Now, we've discovered a new rule. What can it deduce?

If I find that starting from `i`

cannot reach `j`

, then `i`

and all stations between `i`

and `j`

cannot be starting points.

See the redundant calculations? See the optimization point?

**This is the essence of the greedy approach: if you can't find repeated calculations, reduce redundant calculations through some deeper hidden rules in the problem.**

Based on this conclusion, the following code can be written:

```
class Solution {
public int canCompleteCircuit(int[] gas, int[] cost) {
int n = gas.length;
int sum = 0;
for (int i = 0; i < n; i++) {
sum += gas[i] - cost[i];
}
if (sum < 0) {
// total gas is less than total cost, no solution
return -1;
}
// record the amount of gas in the tank
int tank = 0;
// record the starting point
int start = 0;
for (int i = 0; i < n; i++) {
tank += gas[i] - cost[i];
if (tank < 0) {
// cannot reach i + 1 from start
// therefore, station i + 1 should be the starting point
tank = 0;
start = i + 1;
}
}
return start == n ? 0 : start;
}
}
```

```
class Solution {
public:
int canCompleteCircuit(vector<int>& gas, vector<int>& cost) {
int n = gas.size();
int sum = 0;
for (int i = 0; i < n; i++) {
sum += gas[i] - cost[i];
}
if (sum < 0) {
// total gas is less than total cost, no solution
return -1;
}
// record the amount of gas in the tank
int tank = 0;
// record the starting point
int start = 0;
for (int i = 0; i < n; i++) {
tank += gas[i] - cost[i];
if (tank < 0) {
// cannot reach i + 1 from start
// therefore, station i + 1 should be the starting point
tank = 0;
start = i + 1;
}
}
return start == n ? 0 : start;
}
};
```

```
class Solution:
def canCompleteCircuit(self, gas: List[int], cost: List[int]) -> int:
n = len(gas)
sum = 0
for i in range(n):
sum += gas[i] - cost[i]
if sum < 0:
# total gas is less than total cost, no solution
return -1
# record the amount of gas in the tank
tank = 0
# record the starting point
start = 0
for i in range(n):
tank += gas[i] - cost[i]
if tank < 0:
# cannot reach i + 1 from start
# therefore, station i + 1 should be the starting point
tank = 0
start = i + 1
return 0 if start == n else start
```

```
func canCompleteCircuit(gas []int, cost []int) int {
n := len(gas)
sum := 0
for i := 0; i < n; i++ {
sum += gas[i] - cost[i]
}
if sum < 0 {
// total gas is less than total cost, no solution
return -1
}
// record the amount of gas in the tank
tank := 0
// record the starting point
start := 0
for i := 0; i < n; i++ {
tank += gas[i] - cost[i]
if tank < 0 {
// cannot reach i + 1 from start
// therefore, station i + 1 should be the starting point
tank = 0
start = i + 1
}
}
if start == n {
return 0
}
return start
}
```

```
var canCompleteCircuit = function(gas, cost) {
var n = gas.length;
var sum = 0;
for (var i = 0; i < n; i++) {
sum += gas[i] - cost[i];
}
if (sum < 0) {
// total gas is less than total consumption, no solution
return -1;
}
// record the amount of gas in the tank
var tank = 0;
// record the starting point
var start = 0;
for (var i = 0; i < n; i++) {
tank += gas[i] - cost[i];
if (tank < 0) {
// cannot reach i + 1 from start
// therefore, the station i + 1 should be the starting point
tank = 0;
start = i + 1;
}
}
return start === n ? 0 : start;
};
```

This solution also has a time complexity of O(N), differing from the previous graphical approach in terms of thinking process, but the code is very similar.

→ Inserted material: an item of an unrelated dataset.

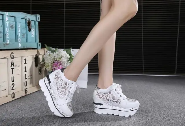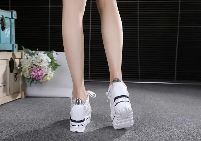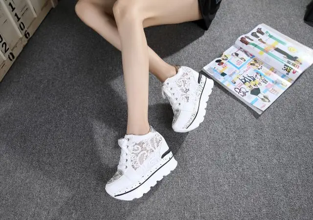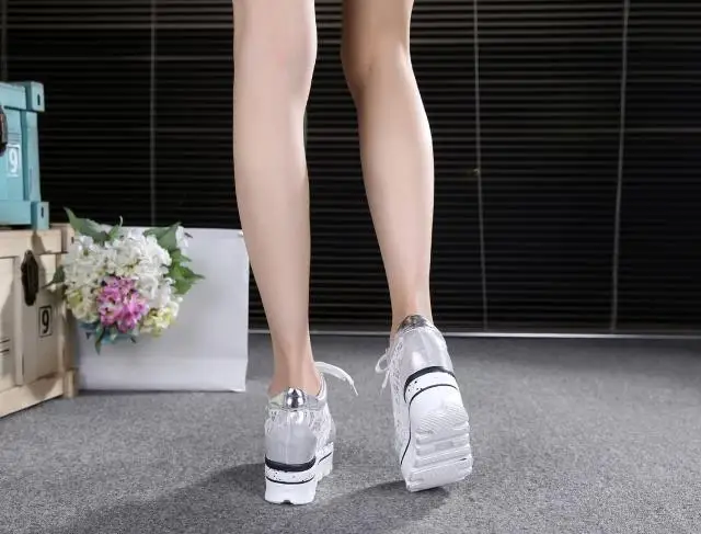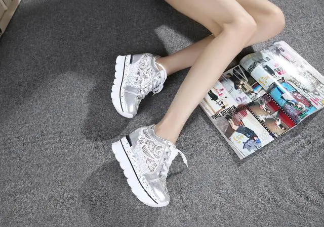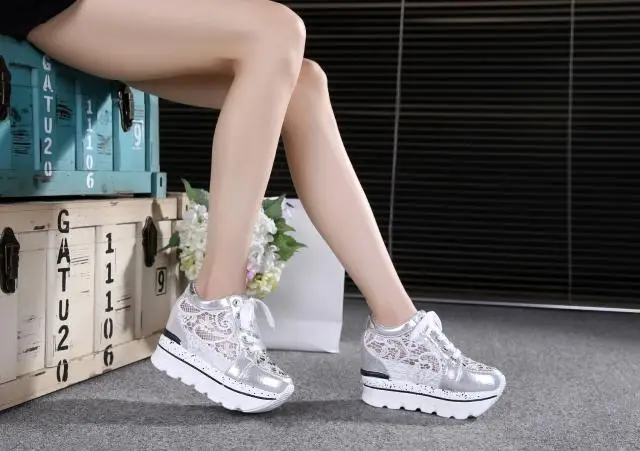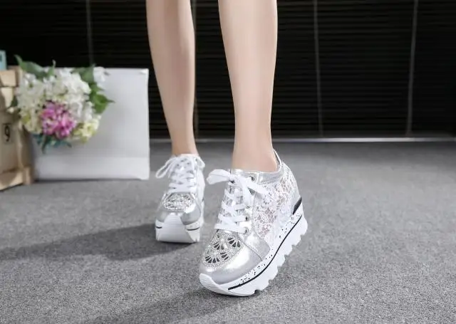 Womens Summer Lace Rhinestones Hollow Platform Sneakers Wedge Hidden Heel Shoes Super High 10cm White Sliver B165

**Actually, you can combine this solution's approach with graphical thinking. You'll find that they are essentially the same, just different in understanding**.

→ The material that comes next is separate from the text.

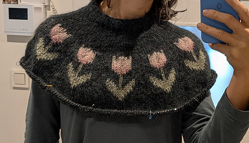 El ‘Winter Bulbs Sweater’ es un patrón fácil para practicar colorwork. Está inspirado en mi jardín de tulipanes que planto y cuido todos los inviernos. Se teje en redondo con agujas circulares y nunca utilizas más de 2 colores a la vez, por tanto es muy fácil de seguir.
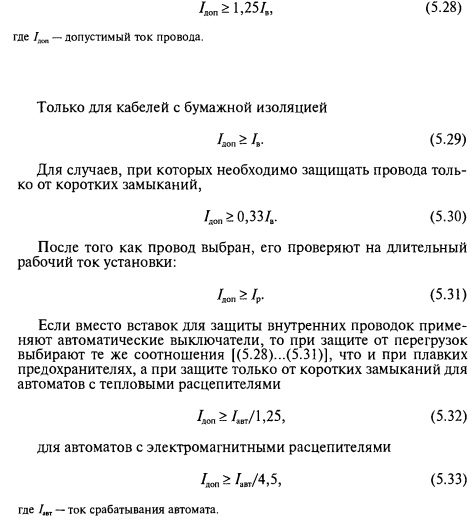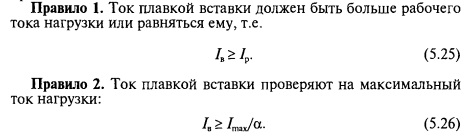 Очевидно, что для потребителей с небольшими пусковыми токами (асинхронные двигатели с фазным ротором) почти всегда большее значение тока плавкой вставки можно получить по правилу 1 из выражения (5.25). Для потребителей, пусковой ток которых практически равен рабочему (осветительные установки, тепловые потребители), ток плавкой вставки, определенный по правилу 1, также всегда больше тока, найденного по правилу 2. Определив номинальный ток плавкой вставки, выбирают соответствующее ему сечение провода в зависимости от того, будет он защищен плавкой вставкой только от коротких замыканий или также и от перегрузок. По правилам устройства электроустановок от перегрузок нужно защищать осветительные сети в жилых и общественных зданиях, торговых и служебно-бытовых помещениях промышленных предприятий, а также в пожаро- и взрывоопасных зонах. Сети любого назначения, выполненные проводами с горючей оболочкой, при открытой прокладке необходимо также защищать от перегрузок. Это относится к сетям любого типа во взрывоопасных помещениях. В перечисленных случаях необходимо выбрать такое сечение, чтобы было соблюдено следующее соотношение:

For this kind of greedy algorithm, there isn't a particularly standardized thinking framework. It mainly relies on practicing more problems and thinking deeply, abstractly associating the problem scenarios to uncover hidden patterns, thereby reducing computation and optimizing efficiency.

Alright, this is all for this problem. I hope it helps you broaden your thinking.